Return all the data below as it stands, minus the pictures.

BEGIN RAW DATA

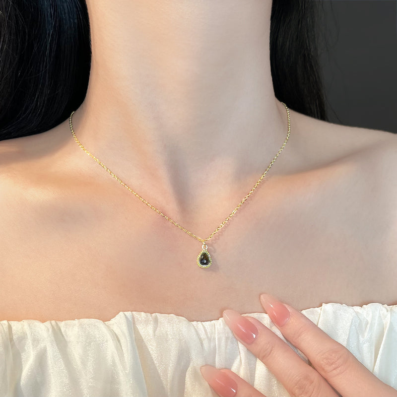 A廠-厚鍍18K真金強保色不易褪色天然石虎眼石水滴項鍊 中古風鎖骨鍊女「6626」25.08-4
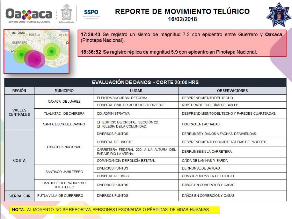 El Universal/ La Voz de Michoacán Ciudad de México. El director General de la Comisión Federal de Electricidad (CFE), Jaime Hernández, informó que cerca de 998 mil hogares y comercios de cinco entidades se encuentran sin suministro de energía eléctrica por el sismo de 7.2 grados de la tarde de este viernes. Sin embargo, alrededor de las 21:00 horas reportó que en alrededor del 54% de los hogares ya había restablecido el servicio electrónico. En entrevista con ForoTv, Hernández indicó que en la Ciudad de México hay afectaciones en la electricidad de 531 mil hogares, principalmente en las delegaciones Tlalpan, Xochimilco, Tláhuac, Azcapotzalco y Benito Juárez. En el Estado de México 200 mil viviendas y comercios no tienen luz, especialmente en el municipio de Ecatepec. Además, en Guerrero hay 154 mil inmuebles afectados, en Oaxaca 110 mil y 6 mil en Morelos. El titular de la CFE precisó que no hay daños estructurales, sino problemas en postes y cableado, por lo que prevé que esta noche quede restablecido el servicio. Checa aquí, los videos del sismo registrado. Aquí te compartimos el reporte que dan las instancias oficiales, tras las revisiones de las afectaciones: Servicio Sismológico Nacional SISMO Magnitud 7.2 Loc 11 km al SUR de PINOTEPA NACIONAL, OAX 16/02/18 17:39:38 Lat 16.25 Lon -98.03 Pf 12 km. Comunicación Social Oaxaca Afectaciones en viviendas en los municipios de Pinotepa Nacional, Progreso y Tototepec. UMPC Pinotepa Nacional, Oaxaca No reporta derrumbes de viviendas, sólo fractura de viviendas. UEPC Chiapas Reporta que fue percibido de manera moderada y con activación de protocolos de evacuación. UEPC Estado de México, Michoacán y Puebla Activación de protocolos y revisión de inmuebles. UMPC Pinotepa Nacional, Oaxaca Reporta afectaciones sin cuantificar, en proceso de evaluación. Percibido fuertemente. UEPC Guerrero El Centro Estatal de Alertamiento informa que el sismo fue percibido fuerte en los municipios de la región Costa Chica, Norte, Montaña, Centro, Acapulco, de moderado a fuerte en las regiones Costa Grande y Tierra Caliente. AL momento sin reporte de daños. SPC Ciudad de México Percibido de moderado a fuerte, evacuaciones preventivas, activación de protocolos y revisión de inmuebles. UEPC Puebla Informan todos los Delegados Regionales que no hay reporte de daños. Se mantienen en monitoreo. UEPC Tabasco Al momento, sin reporte de afectaciones. SSN Informan que hasta el momento se han presentado 20 réplicas después del sismo que se registró a las 17:39 horas. MetroCDMX Después de sismo todas las estaciones y Líneas de la Red se encuentran ofreciendo servicio y operando con normalidad. La marcha de trenes es continúa. AICM Operaciones de manera normal. CFE Al momento se encuentran revisando la infraestructura eléctrica del país. SCT La Infraestructura se reporta sin afectaciones.
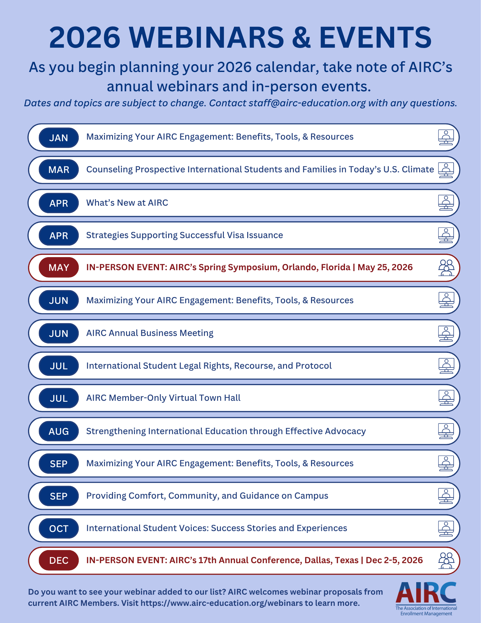 The second webinar in AIRC’s #WeAreHereForYou series will highlight how institutions, agencies, and service providers can best support their students before, during, and after the U.S. visa application process, especially in today’s climate of uncertainty. Hear directly from a former U.S. Consular Officer who adjudicated thousands of visa applications on what actually happens during a visa interview and how students can strengthen their applications. The session will also examine best practices for preparing students for the visa process, how practitioners can help in the case of a denial, and what resources are available to stay up to date on visa policy changes and implementation. A focus will be on setting realistic student expectations and offering relevant guidance to support their visa process.
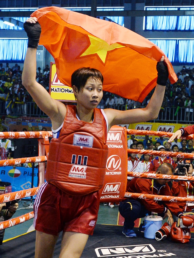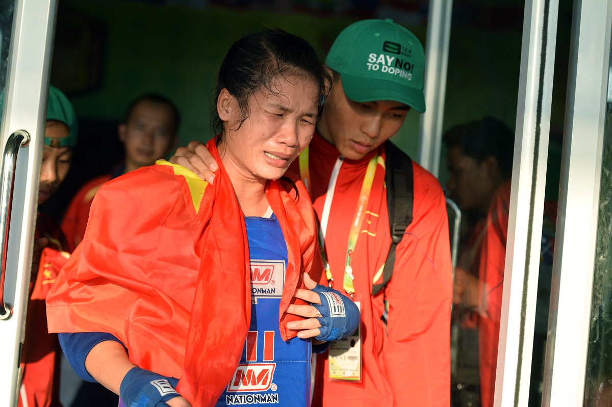 Võ sĩ Bùi Yến Ly ăn mừng tấm HCV sau khi đánh bại đối thủ Grace của Myanmar. Có thể hiểu được sự vui mừng của Yến Ly vì trước đó đồng đội của chị - Bùi Thị Quỳnh - bị xử ép trắng trợn, nhận thất bại khi gặp VĐV nước chủ nhà.

END RAW DATA

### [SOLUTION FOR THIS TASK]
 A廠-厚鍍18K真金強保色不易褪色天然石虎眼石水滴項鍊 中古風鎖骨鍊女「6626」25.08-4
 El Universal/ La Voz de Michoacán Ciudad de México. El director General de la Comisión Federal de Electricidad (CFE), Jaime Hernández, informó que cerca de 998 mil hogares y comercios de cinco entidades se encuentran sin suministro de energía eléctrica por el sismo de 7.2 grados de la tarde de este viernes. Sin embargo, alrededor de las 21:00 horas reportó que en alrededor del 54% de los hogares ya había restablecido el servicio electrónico. En entrevista con ForoTv, Hernández indicó que en la Ciudad de México hay afectaciones en la electricidad de 531 mil hogares, principalmente en las delegaciones Tlalpan, Xochimilco, Tláhuac, Azcapotzalco y Benito Juárez. En el Estado de México 200 mil viviendas y comercios no tienen luz, especialmente en el municipio de Ecatepec. Además, en Guerrero hay 154 mil inmuebles afectados, en Oaxaca 110 mil y 6 mil en Morelos. El titular de la CFE precisó que no hay daños estructurales, sino problemas en postes y cableado, por lo que prevé que esta noche quede restablecido el servicio. Checa aquí, los videos del sismo registrado. Aquí te compartimos el reporte que dan las instancias oficiales, tras las revisiones de las afectaciones: Servicio Sismológico Nacional SISMO Magnitud 7.2 Loc 11 km al SUR de PINOTEPA NACIONAL, OAX 16/02/18 17:39:38 Lat 16.25 Lon -98.03 Pf 12 km. Comunicación Social Oaxaca Afectaciones en viviendas en los municipios de Pinotepa Nacional, Progreso y Tototepec. UMPC Pinotepa Nacional, Oaxaca No reporta derrumbes de viviendas, sólo fractura de viviendas. UEPC Chiapas Reporta que fue percibido de manera moderada y con activación de protocolos de evacuación. UEPC Estado de México, Michoacán y Puebla Activación de protocolos y revisión de inmuebles. UMPC Pinotepa Nacional, Oaxaca Reporta afectaciones sin cuantificar, en proceso de evaluación. Percibido fuertemente. UEPC Guerrero El Centro Estatal de Alertamiento informa que el sismo fue percibido fuerte en los municipios de la región Costa Chica, Norte, Montaña, Centro, Acapulco, de moderado a fuerte en las regiones Costa Grande y Tierra Caliente. AL momento sin reporte de daños. SPC Ciudad de México Percibido de moderado a fuerte, evacuaciones preventivas, activación de protocolos y revisión de inmuebles. UEPC Puebla Informan todos los Delegados Regionales que no hay reporte de daños. Se mantienen en monitoreo. UEPC Tabasco Al momento, sin reporte de afectaciones. SSN Informan que hasta el momento se han presentado 20 réplicas después del sismo que se registró a las 17:39 horas. MetroCDMX Después de sismo todas las estaciones y Líneas de la Red se encuentran ofreciendo servicio y operando con normalidad. La marcha de trenes es continúa. AICM Operaciones de manera normal. CFE Al momento se encuentran revisando la infraestructura eléctrica del país. SCT La Infraestructura se reporta sin afectaciones.
 The second webinar in AIRC’s #WeAreHereForYou series will highlight how institutions, agencies, and service providers can best support their students before, during, and after the U.S. visa application process, especially in today’s climate of uncertainty. Hear directly from a former U.S. Consular Officer who adjudicated thousands of visa applications on what actually happens during a visa interview and how students can strengthen their applications. The session will also examine best practices for preparing students for the visa process, how practitioners can help in the case of a denial, and what resources are available to stay up to date on visa policy changes and implementation. A focus will be on setting realistic student expectations and offering relevant guidance to support their visa process.
 Võ sĩ Bùi Yến Ly ăn mừng tấm HCV sau khi đánh bại đối thủ Grace của Myanmar. Có thể hiểu được sự vui mừng của Yến Ly vì trước đó đồng đội của chị - Bùi Thị Quỳnh - bị xử ép trắng trợn, nhận thất bại khi gặp VĐV nước chủ nhà.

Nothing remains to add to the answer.